Dr. Keller asked the audience to imagine that they had just boarded a plane for Europe with their entire family. As the family was settling into their seats, the captain comes on the intercom and welcomes all aboard but with a caveat. “Ladies and gentleman”, the captain says “I want to let you know that there is a 10% chance of this plane falling into the Atlantic, so if you want to get off the plane you can”. Dr. Keller then asked the audience to raise their hands if they would take their family off the plane. All hands went up. [I have done this several times since then, and all hands went up every time].
The audience, when faced with the worst-case scenario of 10%, all said they would get off the plane. Well, if there is even a 10% chance of the worst-case scenarios of Climate Change occurring, should we not take preventative measures?

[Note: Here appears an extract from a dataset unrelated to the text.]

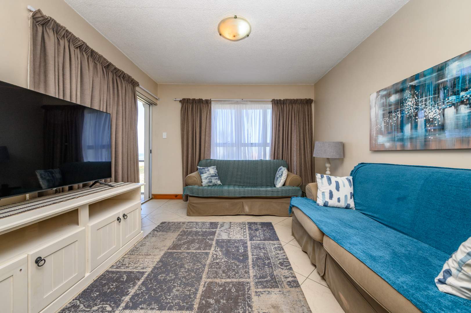 Exciting new release of our 2 bedroom sea facing apartment situated in an excellent location closest to our beach. What makes this apartment stand out? The excellent price and the exclusive parking included in the title deed! Upon entering you walk through a lovely sunny open plan modern kitchen plus lounge, dining area. Then through to bright main bedroom with built in cupboards and en-suite. The bedroom leads out onto an open balcony where you can enjoy beautiful sunsets over Pollock Beach or wake up to the tranquil sounds of waves all year around. Coastal living at its best! Down the hallway you find another cosy bedroom with built in cupboards and a 2nd bathroom. The apartment is neatly tiled throughout and both bedrooms are carpeted.
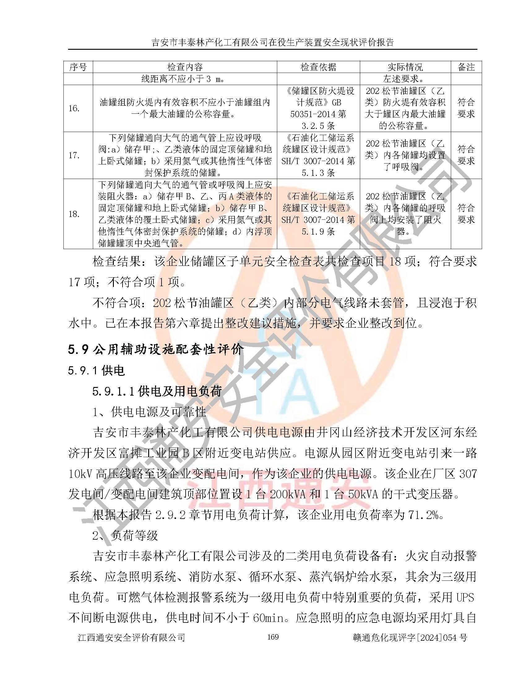 评价结论 | 评价结论:本报告认为,吉安市丰泰林产化工有限公司在役生产装置现场情况与设计图纸一致,有关从业人员资格符合《江西省危险化学品安全专项整治三年行动实施方案》要求,安全设施及安全管理符合**及有关部门关于安全生产法律法规、标准的要求,安全设施正常投用且运行**,安全风险是可以控制的,其风险程度是可以接受的,安全现状符合安全生产条件,能够满足安全生产的要求。 | |||

Time to accept and face worst case scenarios about Climate Change
It is clear to me and some 15,000 scientists that we are very close to some tipping point. It might have already occurred, but if it hasn’t, we have to take drastic actions by 2030 at the latest to prevent it. There is even a growing sense among the leading thinkers today that 2020 should be looked at as a key date for having begun massive planetary preventative measures.
I think that the percentage possibility for many worst-case scenarios is much higher than 10%. More like 50%. So, it seems logical, intelligent, compassionate, and of common sense to start to do whatever it takes to prevent current catastrophes from growing in number and intensity. If the worst case is real then we can minimize it through urgent and preventative global actions.
We buy fire insurance, not because we hope for a fire but in case one occurs. We buy home owners, automobile and health insurance, not because we expect bad things to happen, but in case they do.
At the very least we should face the future of the only place we have to live – Spaceship Earth- with the same mindset as we do with our possessions and health.
May the conversation about Climate Change now become one of how to prevent the worst-case scenarios from happening. Our children and grand-children will thank us. Maybe, as what has already been set in motion will make their lives profoundly different than ours have been.